DATA:
——————————

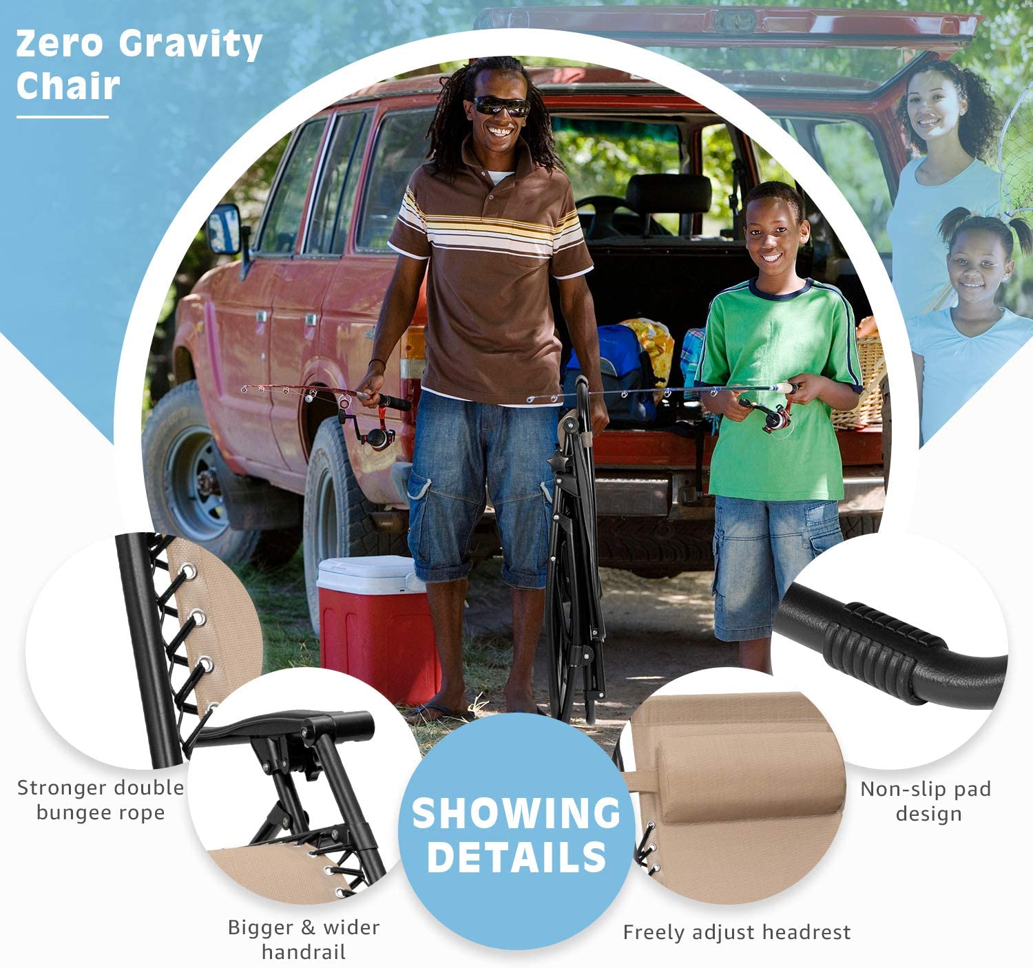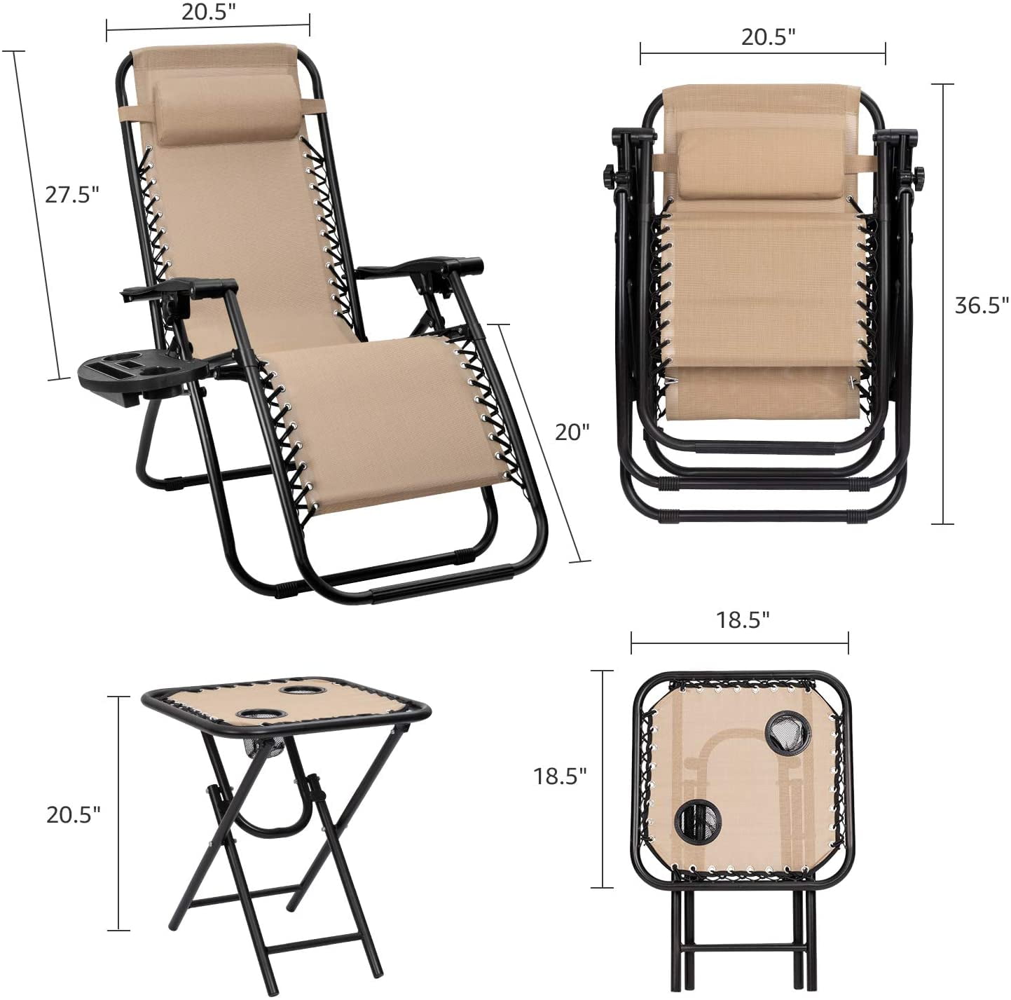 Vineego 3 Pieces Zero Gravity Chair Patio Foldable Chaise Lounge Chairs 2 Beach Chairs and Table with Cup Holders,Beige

——————————

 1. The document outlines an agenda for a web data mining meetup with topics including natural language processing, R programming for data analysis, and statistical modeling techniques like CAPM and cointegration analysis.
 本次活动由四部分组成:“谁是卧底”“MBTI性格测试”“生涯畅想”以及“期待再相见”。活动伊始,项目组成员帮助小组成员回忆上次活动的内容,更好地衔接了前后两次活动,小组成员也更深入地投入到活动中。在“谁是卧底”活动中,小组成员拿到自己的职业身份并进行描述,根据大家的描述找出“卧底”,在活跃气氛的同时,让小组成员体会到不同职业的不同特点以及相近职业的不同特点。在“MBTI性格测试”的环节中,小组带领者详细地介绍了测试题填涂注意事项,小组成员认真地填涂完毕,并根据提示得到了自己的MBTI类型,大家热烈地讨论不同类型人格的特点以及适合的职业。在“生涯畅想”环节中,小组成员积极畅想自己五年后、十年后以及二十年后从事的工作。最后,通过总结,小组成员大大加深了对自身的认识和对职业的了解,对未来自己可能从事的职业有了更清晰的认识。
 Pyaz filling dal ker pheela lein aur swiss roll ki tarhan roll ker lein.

——————————

PROBLEM REQUIREMENTS:
Transcribe, exactly and without additions, the lines of the records above, beginning with the line that contains "1. The document" and ending with the line that contains "Pyaz filling dal", both included.

RESPONSE AREA:
 1. The document outlines an agenda for a web data mining meetup with topics including natural language processing, R programming for data analysis, and statistical modeling techniques like CAPM and cointegration analysis.
 本次活动由四部分组成:“谁是卧底”“MBTI性格测试”“生涯畅想”以及“期待再相见”。活动伊始,项目组成员帮助小组成员回忆上次活动的内容,更好地衔接了前后两次活动,小组成员也更深入地投入到活动中。在“谁是卧底”活动中,小组成员拿到自己的职业身份并进行描述,根据大家的描述找出“卧底”,在活跃气氛的同时,让小组成员体会到不同职业的不同特点以及相近职业的不同特点。在“MBTI性格测试”的环节中,小组带领者详细地介绍了测试题填涂注意事项,小组成员认真地填涂完毕,并根据提示得到了自己的MBTI类型,大家热烈地讨论不同类型人格的特点以及适合的职业。在“生涯畅想”环节中,小组成员积极畅想自己五年后、十年后以及二十年后从事的工作。最后,通过总结,小组成员大大加深了对自身的认识和对职业的了解,对未来自己可能从事的职业有了更清晰的认识。
 Pyaz filling dal ker pheela lein aur swiss roll ki tarhan roll ker lein.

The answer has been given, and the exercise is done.